Ingrid tittered, then her face turned serious. "We shouldn't joke about such things."
"No, we shouldn't," agreed Hudson with an exaggerated serious face.
"Have a seat and sorry to keep you late." Ingrid sat down in her swivel chair.
"For you, not a problem, my dear." Hudson took the seat across from her desk, one he was quite comfortable in. It was clear he loved their private little tete-a-tetes. He crossed his legs and leaned forward, an elbow on one knee, face cupped in his palm. "What's up, Miss Ingrid?"
Ingrid looked around, steeled herself, and looked him directly in the eye. "Well, remember how you said you were my old reliable friend, and you would be here when I needed you?"
"Yes, of course," said Hudson. "I'm your Old Faithful. Here to spout wisdom and truth."

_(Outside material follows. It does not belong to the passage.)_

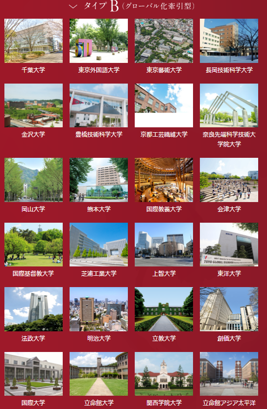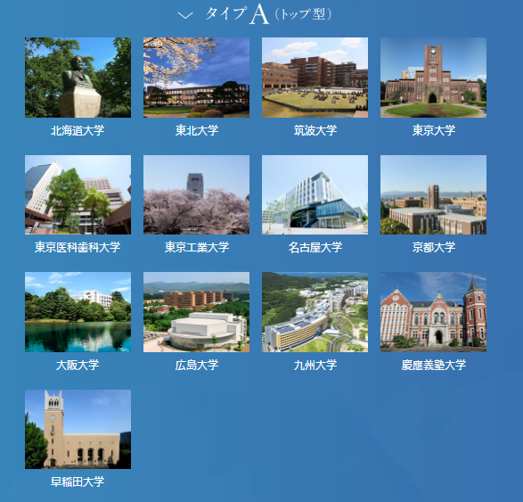 其中A类院校13所,又被称之为顶尖型院校,都是实力相当,很有可能排进世界前100名的大学,因此也叫做TGU(Top Global University)。他们分别是: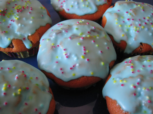 Cobrir os muffins com o glacé e polvilhar com confeites coloridos a gosto, deixando sobre a grelha durante a noite.

"I need you, but I don't know how to put it, and you have to promise not to laugh once I tell you."
He laughed. "Okay, I just got it out of the way. Have out with it, Ingrid."
"I guess there is only one way of putting it, really," Ingrid hedged.
"Yes?" Hudson smiled to help bring his friend out of her shell. He knew she had a tendency to get nervous, shifty, and was prone to making a mountain out of a molehill.
"Well, I'm a virgin, Hudson, to put it bluntly," she said, bravely forging ahead.
"Oh!" He was staring at her, wide-eyed, and he did not laugh at all. "I see ..."
"God, this is awkward," remarked Ingrid. "This is worse than talking to my mother."
"No, no. Sorry, you just caught me off guard." He looked down and squared his tie, flicked at a bit of lint on his suit. He looked up. "This was just the last thing I expected to hear. You mean to say that you never?"
"Never," said Ingrid quickly. She bit her lip.
"But you're, like ..." Hudson began, then let the incomplete sentence dangle there. He stared curiously at her.
She stared back. "You're starting to make me uncomfortable, Hudson."
"I'm sorry. It's fine, really, really. It's just that in this day and age, I am a bit ... How to say? Shocked? I didn't think there were any virgins left!"
"I understand," said Ingrid with finality, fixing the papers on her desk.
"I'm sorry. You're a virgin. Okay. So?" He put out a hand, and it rested there in the air between them, then he quickly drew it back to his lap. "What do you want to know? There's not much to it, really, especially with your ... um ... kind." He continued to watch her pound the stack of paper upright then sideways on the desk.
"What kind is that?"
"The breeder kind. With my people, it's not quite as simple, although it can be. It's just a matter of ..." He giggled and did not finish his sentence.
Ingrid looked up at him from behind her glasses. "I mean, I understand the mechanics of the thing. I'm not totally clueless, nor totally naive, Hudson; it's just, I haven't really done anything except a little heavy petting."
"Petting? As in a zoo? What is this, the fifties? You want me to ... what?"
"I don't know, Hudson. Would you stop looking at me like that! I don't know, explain things a little. The ins and outs ..."
They both stared at each other, and then burst out laughing. "The ins and outs," he echoed.
"It's not like I'm asking you to sleep with me or anything like that," Ingrid said dryly.
"Of course not. You're perfectly lovely but far from my type. I'm sorry, Ingrid. It's just you're so discreet otherwise. I never imagined you'd ever talk about your" - he coughed - "sex life."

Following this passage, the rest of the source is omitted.